BEGIN EXTRACTED ENTRIES

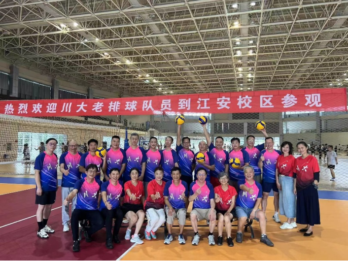 2023年9月16日,太阳网集团tcy8722往届男女排球队员共计30多人相聚蓉城、共忆青春。当天下午2点,队员们准时到达江安校区体育馆,在“热烈欢迎川大老排球队员到江安校区参观”的横幅下,大家热情相拥,留下了一张张弥足珍贵的照片。
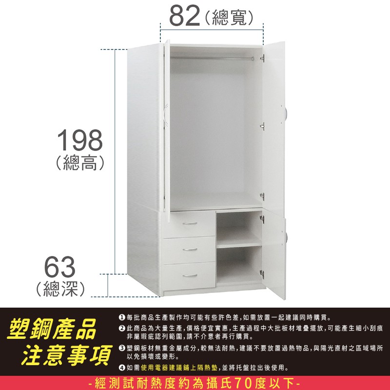 ASSARI-防潮防蛀塑鋼2.7尺緩衝三門附抽衣櫃(寬82深63高198cm)
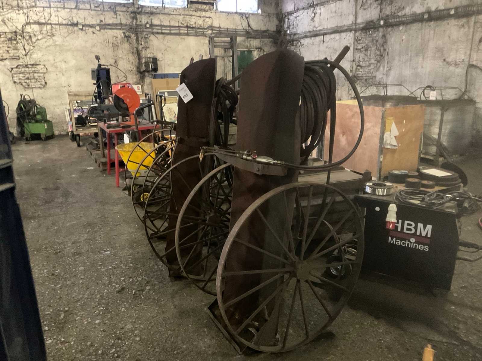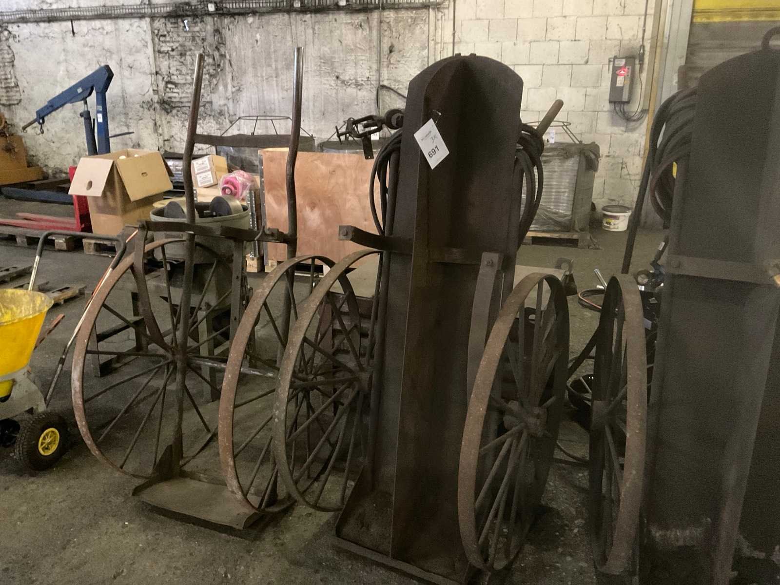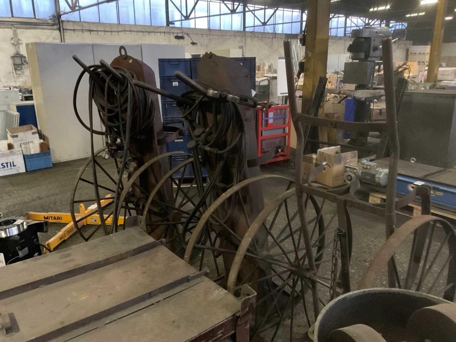 3 stuks metalen karren, bestemd voor snijbranders, voorzien van gasfles houders, 1 kar is compleet met Caliber snijbrander Nee
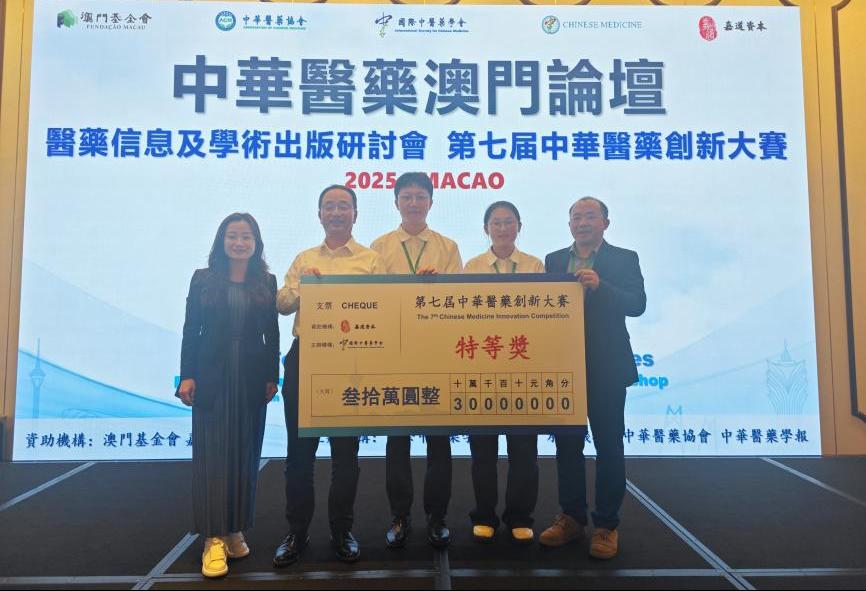 10月27日,第七届中华医药创新大赛在澳门成功举办。西安交通大学药学院由院长王嗣岑教授带队,景王慧教授、王珂教授以及博士研究生绳康佳、白浩云、单毅与来自全国的优秀团队同场竞技。本次大赛作为“2025中华医药澳门论坛”的重要组成部分,由中华医药协会、国际中医药学会联合主办,澳门基金会及嘉道资本资助,旨在推动中医药产学研深度融合与创新转化。西安交通大学药学院在此次大赛中表现卓越,荣获特等奖、二等奖及功能智品奖,充分展现了学院在中医药创新领域的实力与影响力。
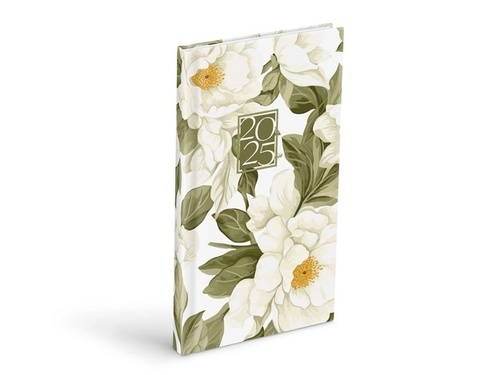 Týdenní diář pro rok 2025 s motivem bílých květů. Je výborným pomocníkem při organizování Vašeho času. Povrch obálky je vyroben z lesklého lamina. Diář má odtrhávatelný spodní rožek, který umožní rychlé nalistování aktuálního týdne.
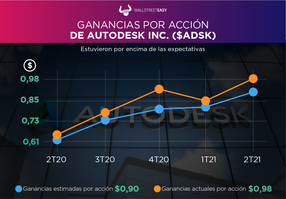 - La empresa anunció que aumentaron su vista de ingresos del año fiscal 2021, entre $3.715M y $3.765M, desde $3.675M a $3.775M, aunque está un poco por debajo de las estimaciones de $3.860M. «Logramos un segundo trimestre sólido como resultado de nuestro modelo comercial resistente y la naturaleza estratégica de nuestros productos», dijo su CEO, Andrew Anagnost.
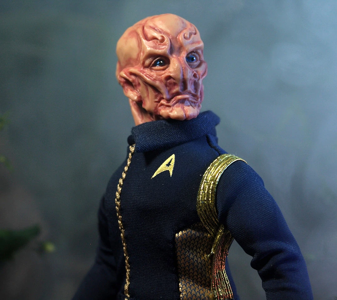 A Starfleet Science Officer and Lieutenant Commander initially on the U.S.S. Shenzhou and then on the U.S.S. Discovery, Saru is a Kelpien, an alien prey species that lives in a perpetual state of fear and has biologically fostered the ability to sense threats, particularly impending death. That ability is manifested in their threat ganglia, which pop up by their ears when a Kelpien perceives danger.
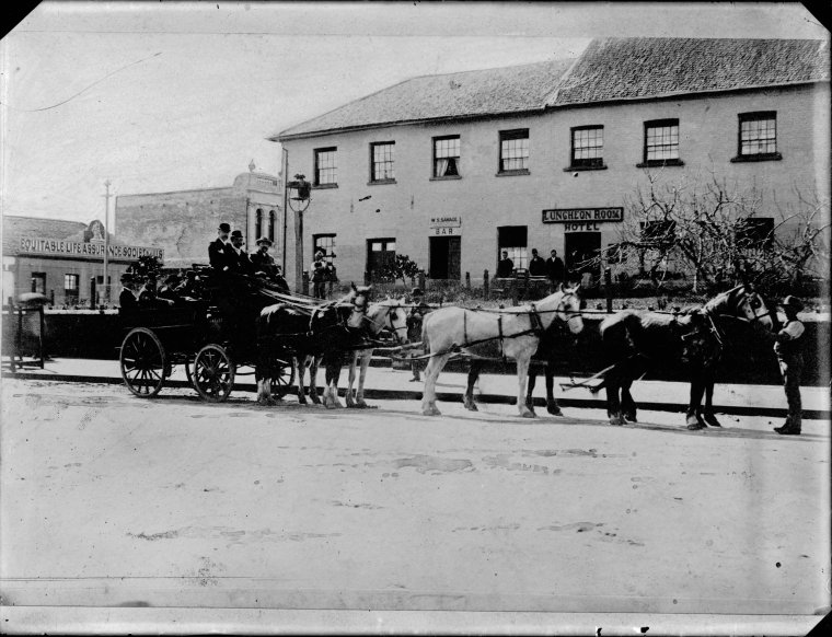 Previously dated to 1869, now dated to between 1891 and 1895. Over the door is the name of the proprietor: W.S. Savage. William Savage identifies himself as Proprietor of the Freemasons Hotel for the first time in an advertisement in the West Australian 19 December 1891, p.1. Previously the proprietor was H.B. Chipper (see West Australian 5/10/1889, p.3) and prior to this James Joseph Dearden (note in West Australian1 May 1884, p.3 police court evidence) and previously E.S. James who died in 1878. The Freemasons Hotel was sold by auction 24 Dec. 1895 (West Australian 26 Dec. 1895, p.5). By 1897 the Palace Hotel had been built on this site.Crowded horse-drawn carriage in front of hotel building.
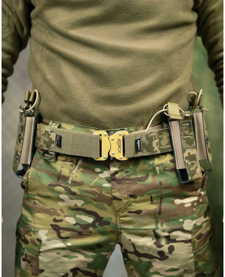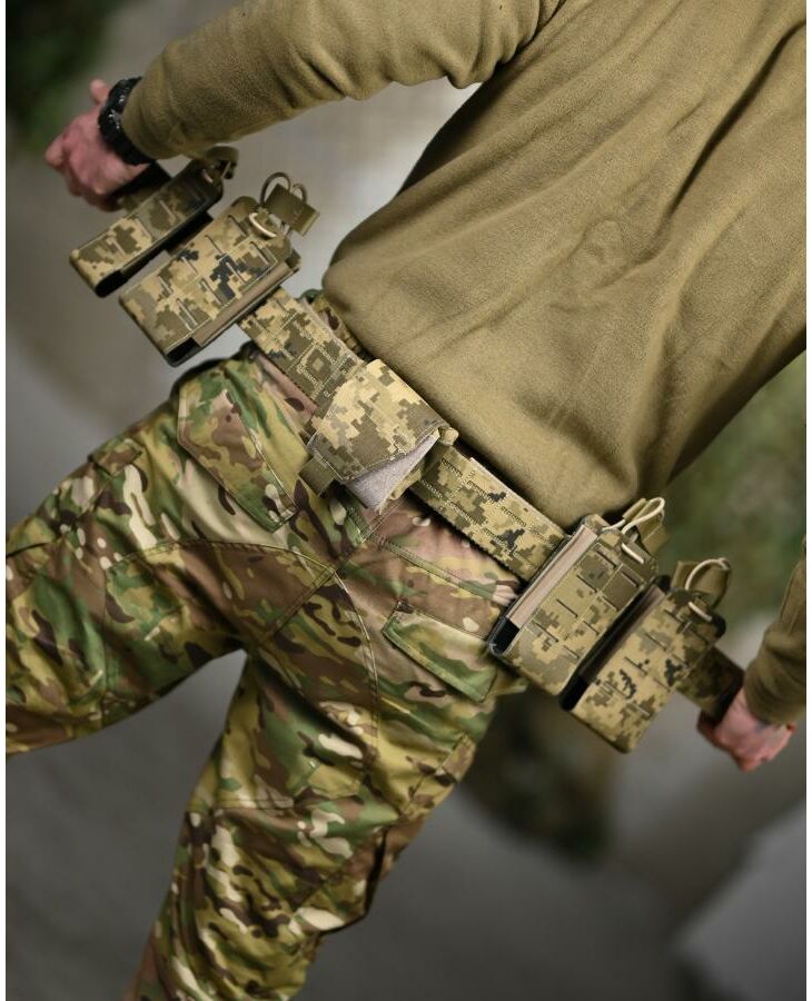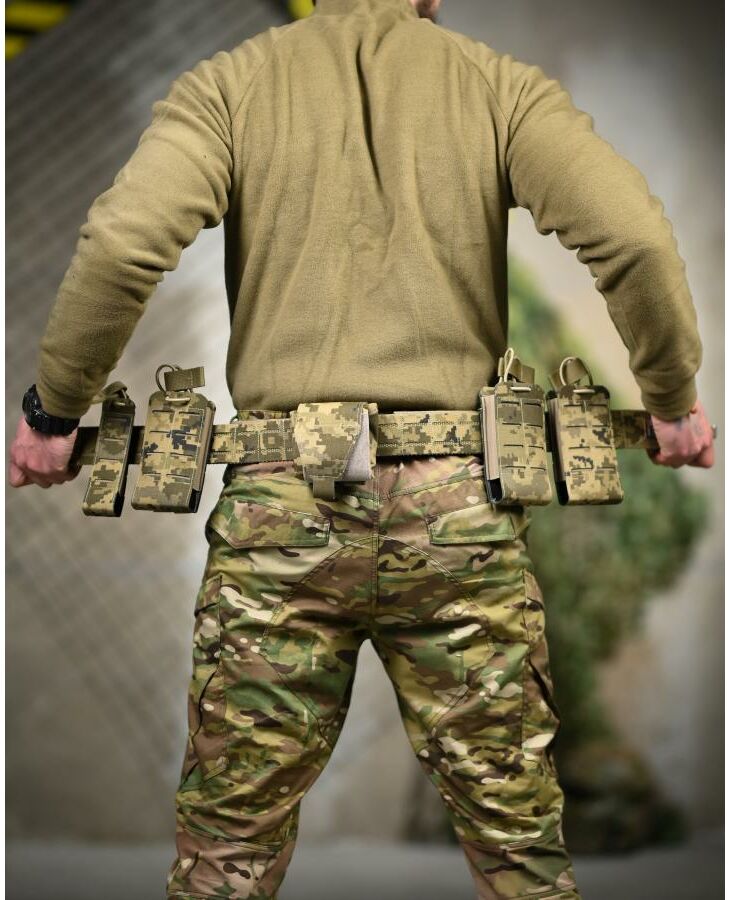 Функціональний тактичний пояс (battle belt) призначений для зручного розміщення бойового комплекту та спорядження. Підходить для військових завдань, тренувань, страйкболу, тактичних ігор та активного використання в польових умовах.

END EXTRACTED ENTRIES

#### TASK STATEMENT:
Leaving each picture behind, please give again exactly the lines above from the one with "- La empresa" through the one with "A Starfleet Science", both included, and no others.

#### RESULT OF THIS EXERCISE:
 - La empresa anunció que aumentaron su vista de ingresos del año fiscal 2021, entre $3.715M y $3.765M, desde $3.675M a $3.775M, aunque está un poco por debajo de las estimaciones de $3.860M. «Logramos un segundo trimestre sólido como resultado de nuestro modelo comercial resistente y la naturaleza estratégica de nuestros productos», dijo su CEO, Andrew Anagnost.
 A Starfleet Science Officer and Lieutenant Commander initially on the U.S.S. Shenzhou and then on the U.S.S. Discovery, Saru is a Kelpien, an alien prey species that lives in a perpetual state of fear and has biologically fostered the ability to sense threats, particularly impending death. That ability is manifested in their threat ganglia, which pop up by their ears when a Kelpien perceives danger.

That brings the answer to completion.